3. Results and discussion

Fig. 2a presents XRD patterns of the as-received Ti₃AlC₂ powders and after HF etching Ti₃C₂T_x MXenes. The Ti₃AlC₂ typical XRD peak of (104) at 39° 2θ disappeared and was replaced with a low intensity broadened peak. This indicates that the Al atomic layers had been exfoliated successfully and the corresponding 2D Ti₃C₂T_x MXenes had formed after HF etching. At the same time, new XRD peaks for Ti₃C₂F₂ were detected at 8.9° and 18.4° 2θ showing that F was inserted into the Ti₃C₂T_x MXenes interlayer.²⁸ Furthermore, a new peak at 27.4° 2θ was detected, which was assigned to Ti₃C₂(OH)₂.²⁸ These results suggest that the Ti₃C₂T_x surfaces were terminated with functional groups of –OH, and –F after HF etching. Fig. 1b and c exhibit SEM images of Ti₃AlC₂ and as-obtained Ti₃C₂T_x MXenes after HF etching, respectively. Ti₃AlC₂ exhibited a typical layered structure, as shown in Fig. 2b. After HF etching, a similar accordions' 2D layered structure was formed by extracting an Al atom from Ti₃AlC₂ (Fig. 2c). The terminated negative groups of –OH, and –F combined with the 2D layered structure provides potential channels for Ni, Zn, and Fe ion intercalation. Fig. 2d shows a TEM image of the Ti₃C₂T_x MXenes sheets. The material showed a similar hexagonal symmetry and crystallinity to that of the parent Ti₃AlC₂ phase, as indicated by the fast Fourier transform (FFT) pattern shown in the inset image in Fig. 2d.

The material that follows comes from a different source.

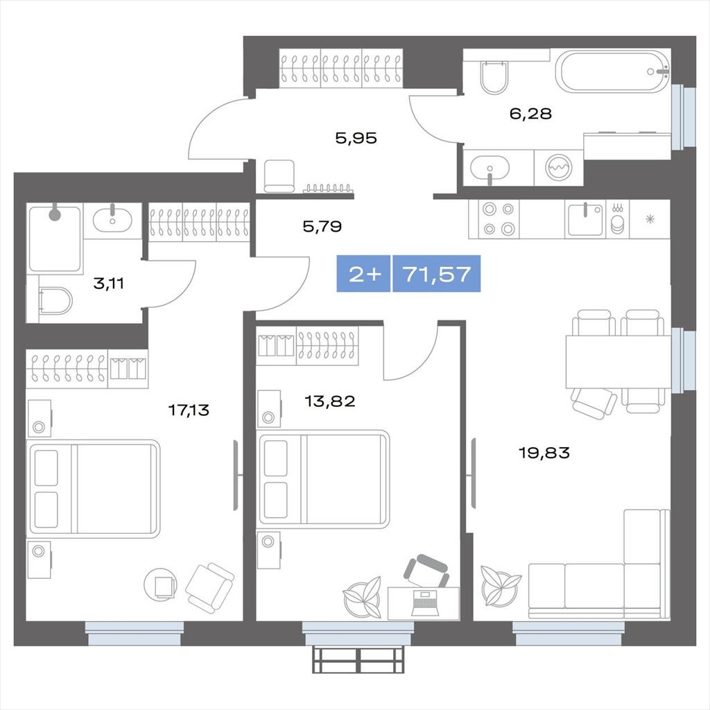 общая 71,99 м2, жилая 30,87 м2, кухни 0 м2 |
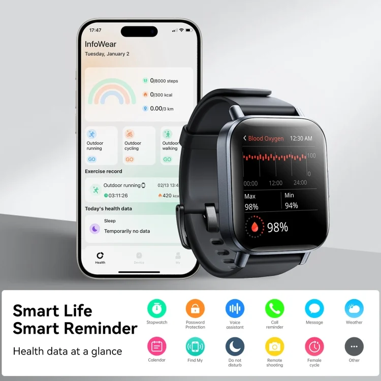 1. 1.96 inch HD TFT display, ultra-high clarity and responsiveness, multiple watch faces with different styles

Fig. 2 (a) XRD patterns of Ti₃AlC₂ and Ti₃C₂T_x MXenes. SEM images of Ti₃AlC₂ (b) and Ti₃C₂T_x (c). (d) HRTEM image of Ti₃C₂T_x sheets, the inset shows the FFT of the white rectangle area.

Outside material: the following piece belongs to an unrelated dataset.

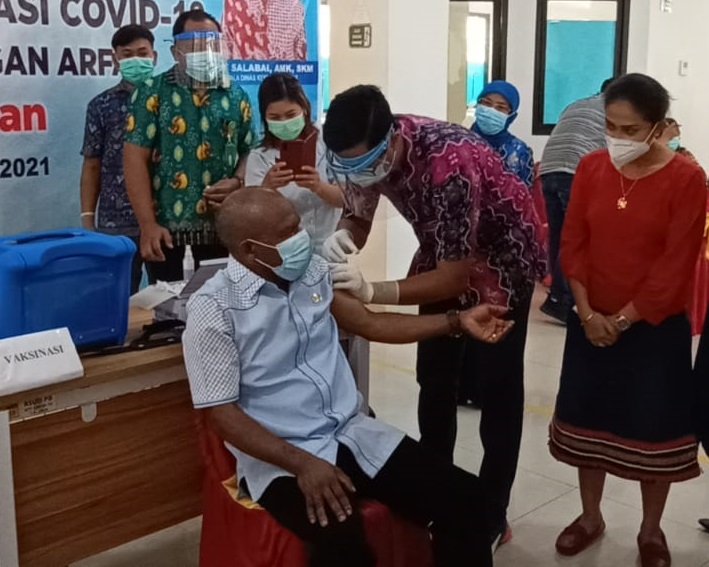 ARFAK – Plh bupati Pegunungan Arfak Ever Doansiba mencanangkan vaksinasi Corona Virus Disease (Covid-19) bertempat di Rumah Sakit Provinsi Papua Barat. Kamis (18/2/2021)

The uniform distribution of Ti₃C₂T_x MXenes in the matrix of ferrite is a critical issue for Ti₃C₂T_x/Ni_0.5Zn_0.5Fe₂O₄ composites. Although Ti₃C₂T_x MXenes has good hydrophilicity for the terminated surface groups of –OH, =O, and –F. To further improve the dispersion behavior of Ti₃C₂T_x MXenes in water and provide a convenient path for Ni²⁺, Zn²⁺, and Fe²⁺ intercalation, the Ti₃C₂T_x MXenes were modified with amphiphilic sodium lignin sulfonate (SLS) surfactants. Fig. 3 shows the FTIR spectra of Ti₃C₂T_x with and without functionalization by SLS. The existence of hydroxyl groups was confirmed by the absorption peaks at 3437 cm⁻¹ and 1636 cm⁻¹, which were assigned to the absorbed external water and strongly hydrogen-bonded OH or extremely strong coordinated H₂O in the two samples.²⁹ In addition, the peak at 620 cm⁻¹ was probably due to the deformation vibration of the Ti–O bond;³⁰ the C–F (1097 cm⁻¹) and O–H (1399 cm⁻¹) groups were observed in the spectra of the two samples.³¹ The –CH₂ (2920 cm⁻¹), –C=C–(1560 cm⁻¹), aromatic ring (1508 cm⁻¹), C–H (1458 cm⁻¹) group, and C–O (1120 cm⁻¹) were present in the spectra of SLS–Ti₃C₂.^14,32 Lignin sulfonic is an amphoteric hydrophilic polymer surfactant with both carbon chains, phenolic hydroxyl hydrophobic group and hydrophilic group of sulfonic acid. Under the effect of van der Waals forces and steric hindrance effects, the hydrophobic group improved the dispersion of Ti₃C₂T_x MXenes in water, and the hydrophilic group stretched in the aqueous solution and provided a nucleation channel for the in situ coated and intercalated NiZn ferrite.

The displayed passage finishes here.